You are taken straight into the picture; the scene is set for a hanging. Already, in this first paragraph you can feel death’s icy grip on the condemned.
“Six tall Indian wardens were guarding him…” Two held guns with bayonets fixed. Again, you feel his plight is hopeless, as they “close about him.”
The impatient, podgy Superintendent wishes to get it over with so he can have his breakfast. To him, it is just another day at the office, hang a few, flog a few, and then breakfast, an ordinary, nothing-exceptional day. Quicker the better, no compassion, no remorse, the condemned has ceased to be human in his eyes; indeed, a task that must be complete before breakfast, like going to the toilet and then to wash your hands. Hurry up, hurry up, his total thoughts, or breakfast will be delayed.
A dog, bright and breathy appears in the yards, happy and bouncy, wags his tail – a silly dumb animal - makes no distinction. Jumps and tried to lick the prisoner’s face. And the Superintendent, well, he’s annoyed - this dog – how dare it delay his breakfast, and after a kafuffle is caught and held.

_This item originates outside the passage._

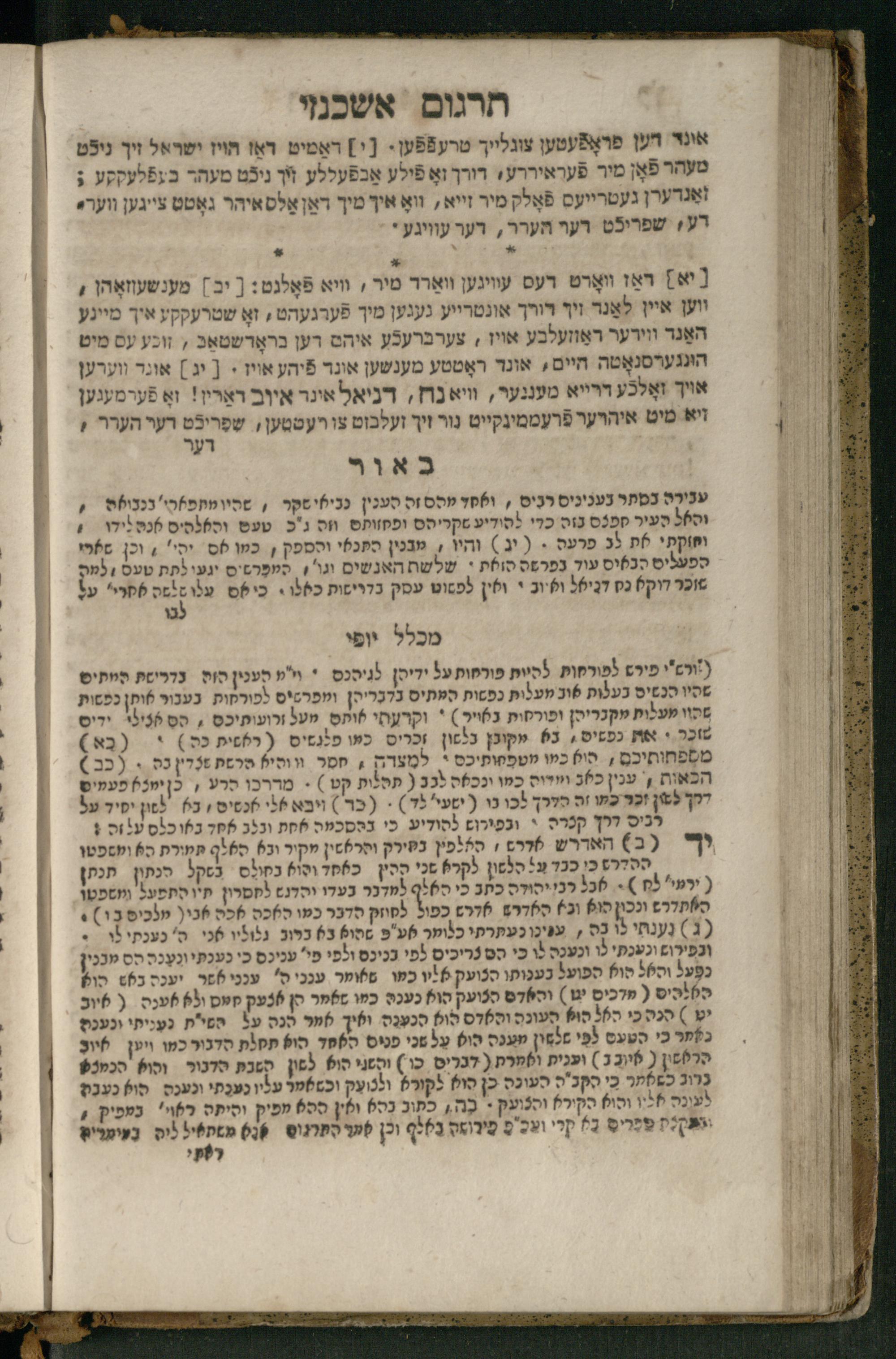 Ṿe-hu Sefer Yeḥezḳel / meturgam Ashkenazit u-mevoʾar, gam hitsagti bo perush ... Rashi z.ts.l. ... Ṿe-nilṿeh elaṿ perush Mikhlal yofi ...והוא ספר יחזקאל / מתורגם אשכנזית ומבואר, גם הצגתי בו פירוש ... רש״י זצ״ל ... ונלוה אליו פירוש מכלל יופי ...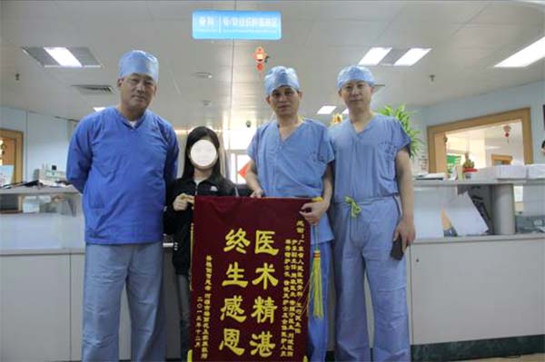 手术获成功,患者送锦旗给治疗团队(左起:刘斌、王巧民、尹东)

Suddenly, realisation of what they are doing sets in for Orwell.
“It is curious, but till that moment I had never realized what it means to destroy a healthy, conscious man. When I saw the prisoner step aside to avoid the puddle I saw the mystery, the unspeakable wrongness, of cutting a life short when it is in full tide.”
The picture of the gallows floods into your mind, erected in a small yard overgrown with weeds. Orwell paints the picture with words and the image is transported directly into your mind.
The prisoner was “half pushed… clumsily up the ladder.” A rope placed around his neck. The prisoner cries out, “Ram! Ram! Ram! Ram! Not urgent and fearful like a prayer or cry for help… rhythmical, almost like the tolling of a bell.”
The dog replies.
Barks.
Minutes pass.
Blank faces.
A clanging noise.
“Chalo!” Shouts the Superintendent.
Silence.
Prisoner gone.
Rope twisting.
The dog is let loose: “it galloped…to the back of the gallows… stopped… barked, and then retreated into a corner… looking timorously out at us.” The dog is timorous, in deference to the dead man; accordingly, the silly dumb animal understands the wrongness of what had just been done.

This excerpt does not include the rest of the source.